Daniels: “I thought we were this close to winning the SEC. We were a couple plays away from competing with Georgia, the national champions, and I feel like we can win the SEC moving forward if we handle things correctly and go about the process and meet our standards.”
LSU opens against Florida State, who’s getting buzz as a potential ACC champion and even playoff team, in Orlando. LSU draws Ole Miss, Florida and Texas A&M at home while getting Ole Miss on the road. It faces Alabama on the road Nov. 4 in a contest that could determine the West’s winner. The trip to Tuscaloosa is its only road contest over the final seven weeks.
There isn’t any great mystery with this LSU team. Its championship potential is based upon two rather cliché storylines: A quarterback’s growth and getting past Alabama and Georgia. Daniels might be the single piece who can lift LSU into legitimate title contention.
“(Kelly) demands a lot out of me as far as the scheme,” Daniels said. “You just need to know the game within the game. That’s probably where it’s different from Arizona State to LSU. Just what he demands from the quarterback, and it’s obviously needed if I want to go out there to the next level (NFL).”

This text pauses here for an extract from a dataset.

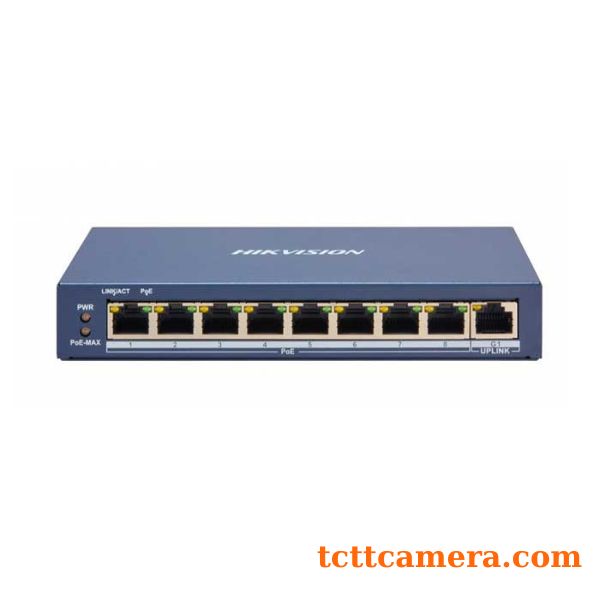 - 8 × 100 Mbps PoE RJ45 ports, 1 × gigabit network RJ45 port.
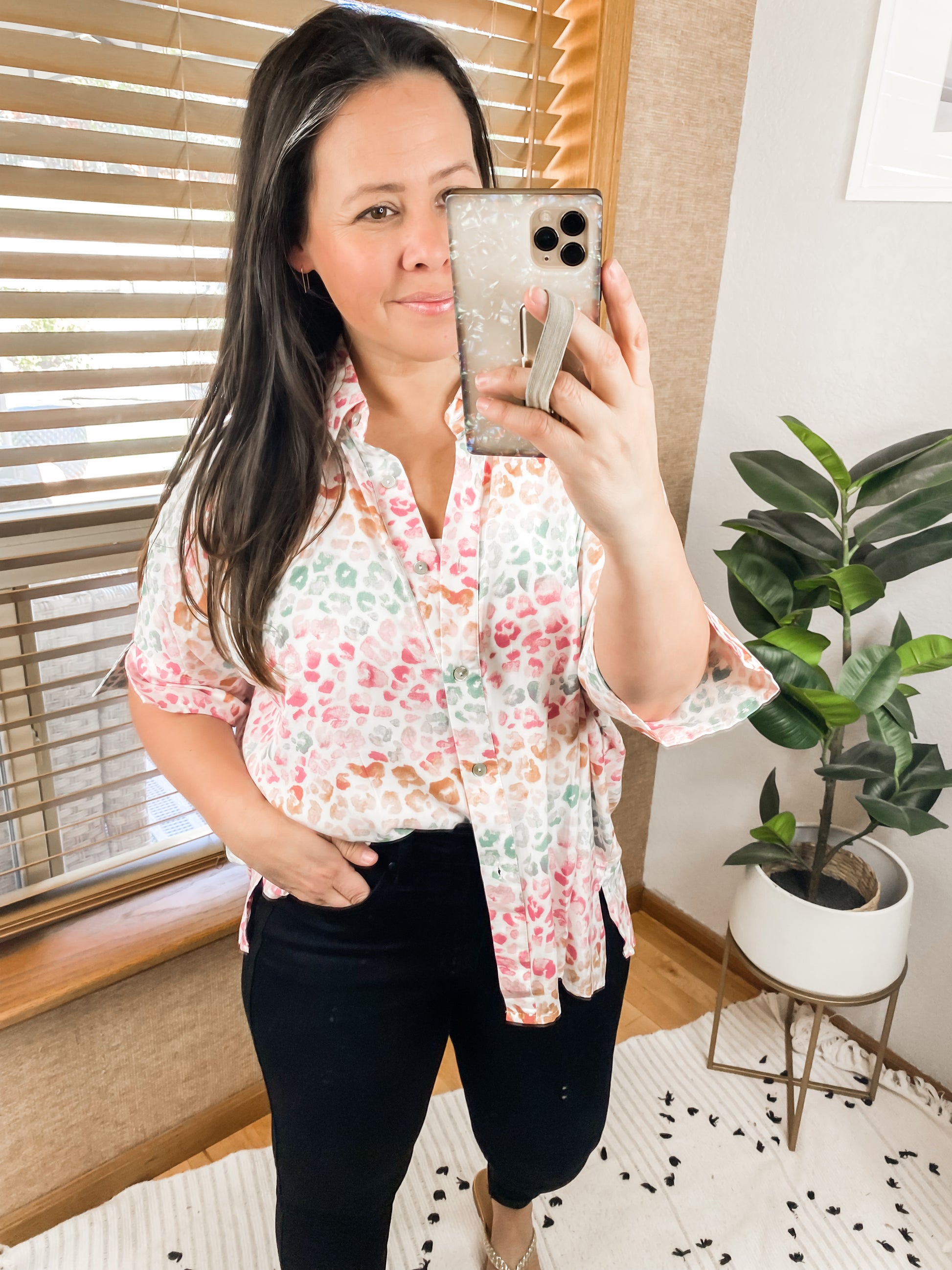 Treat yourself to a unique, eye-catching style with the vibrant Wild Rainbow Blouse! Featuring a stunning animal print in a rainbow ombre color scheme, this boxy fit blouse features a button front closure, collared neckline, and dolman sleeve with split cuffs. Spice up your wardrobe today!

LSU sits atop the athletics landscape. Its women’s basketball team won the NCAA tournament. The Tigers won the College World Series, then had pitcher Paul Skenes and outfielder Dylan Crews go 1-2 in the MLB draft. The gymnastics team finished fourth. And from Joe Burrow to Angel Reese to Olivia Dunne to Skenes, it feels everywhere one looks in sports, LSU is at the forefront.
“All we can think about is championships after what Jay Johnson did in baseball and Kim Mulkey in basketball, our success in gymnastics,” Kelly said.
The Tigers probably won’t enter the season favorites. Alabama will likely be the consensus SEC West preseason pick yet again, while Georgia is on top until it’s unseated. But just as Kelly surprised in his first season, he could do so again in 2023.
After all, it’s tough to bet against anything LSU these days.